A Duterte resigns
The resignation of Davao City Vice Mayor Paolo Duterte, which he himself announced on Christmas Day during a special session of the city council, came as a shock to the members of the council and to the public. He is, after all, the President’s eldest son, a two-term vice mayor who ran unopposed campaigns, a scion with a city-wide tough-guy reputation, a person accused by his father’s former aides of ordering extrajudicial killings, a local official who, summoned to the Senate on allegations of drug smuggling, received deferential treatment from some senators belonging to the administration coalition.
He cited largely personal reasons for resigning, including “the maligning of my reputation in the recent name-dropping incident in the Bureau of Customs’ smuggling case and the very public squabble with my daughter.” The Senate blue ribbon committee had seen fit to declare that it found no evidence linking him (or his brother-in-law) to the “shabu” (crystal meth) smuggling; it is only fair to state, however, that this clearing of his name seems premature, because the circumstances behind the smuggling have not been fully explained or investigated.
But it is the “squabble” with his daughter
Isabelle that has hurt the vice mayor’s reputation the most, partly because he responded to her damaging social media posts with an ill-advised, ill-tempered social media post of his own, and partly because his own daughter suggested, through her posts, that he had caused physical harm to a young person.
She had written in Cebuano: “It’s not that if you have power, you can already hurt people.
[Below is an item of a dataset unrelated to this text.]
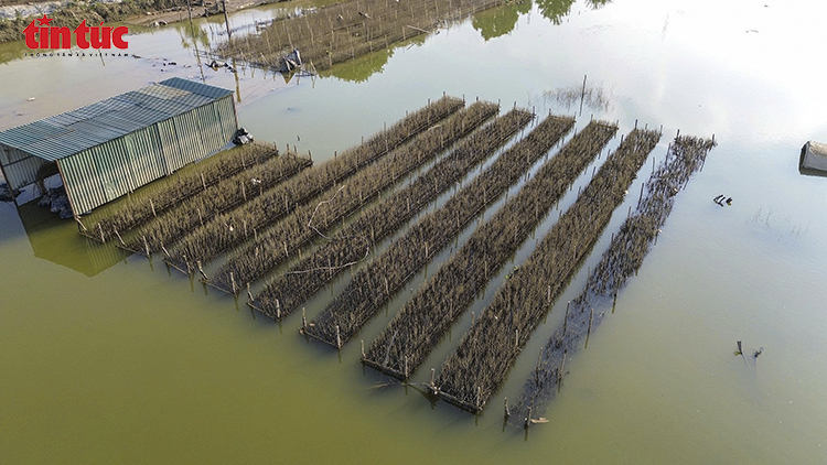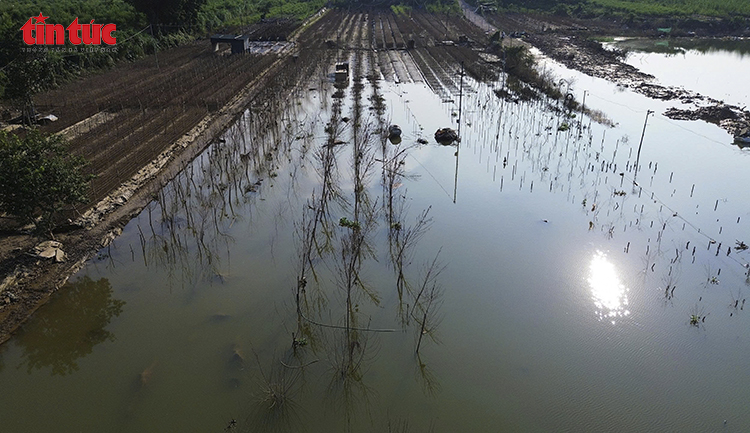 Làng hoa Tây Tựu nước lũ nhấn chìm hàng loạt ruộng hoa đang thời kỳ phát triển.

The one you’re touching is also human!!!! Not only human but a child!!!!”
No one can reasonably argue that resignation given these personal circumstances is not a sensible option. In the younger Duterte’s case, however, there are other considerations.
In terms of what the city itself needs, the resignation was ill-timed. President Duterte’s hometown is reeling from the shock of the fire that struck the NCCC Mall and claimed 37 lives, and from the devastation wrought by Tropical Storm “Vinta.” At a time when city government offices should follow an “all hands on deck” policy, the vice mayor’s resignation can only complicate the aftermath of the fire and the poststorm recovery efforts.
This is not to say that the younger Duterte, or indeed any public official, is indispensable, only that personnel changes in a time of crisis are highly inconvenient, and sometimes distract the attention of both the government and the public from the ongoing emergency. That is partly what happened when news of the resignation spread. The grim news about the call center agents trapped, unaccountably, in the mall and the continuing misery inflicted by the storm faded temporarily into the background. In a personality-oriented society like ours, the zooming in of the focus on Paolo Duterte rather than on the needs of the city or the names of the fire victims was
In terms of the issues already raised in public, the resignation is ill-conceived. The usual controversy chasers like the Volunteers Against Crime and Corruption will not follow up on Isabelle’s lead, because they are agents of partisanship rather than of justice, but other citizens’ groups might. If the harm caused to a child is a fabrication of his daughter’s imagination, then the vice mayor is owed that clarification. If it’s true, his resignation cannot be a bar to an investigation.
The same principle applies to the accusations, made under oath, by Edgar Matobato and former police officer Arturo Lascañas, about the younger Duterte ordering killings. His resignation cannot be considered as putting closure to the subject.
Under the law, the resignation of the vice mayor of a city like Davao needs the President’s green light. Until his father accepts his resignation, Paolo Duterte will be considered to have gone on leave.
But his resignation letter, which he had read aloud at the special session of the city council called to address the calamity that had struck the city, hinted that his departure from politics was only temporary: “I look forward to the day that I will be able to serve our country again.”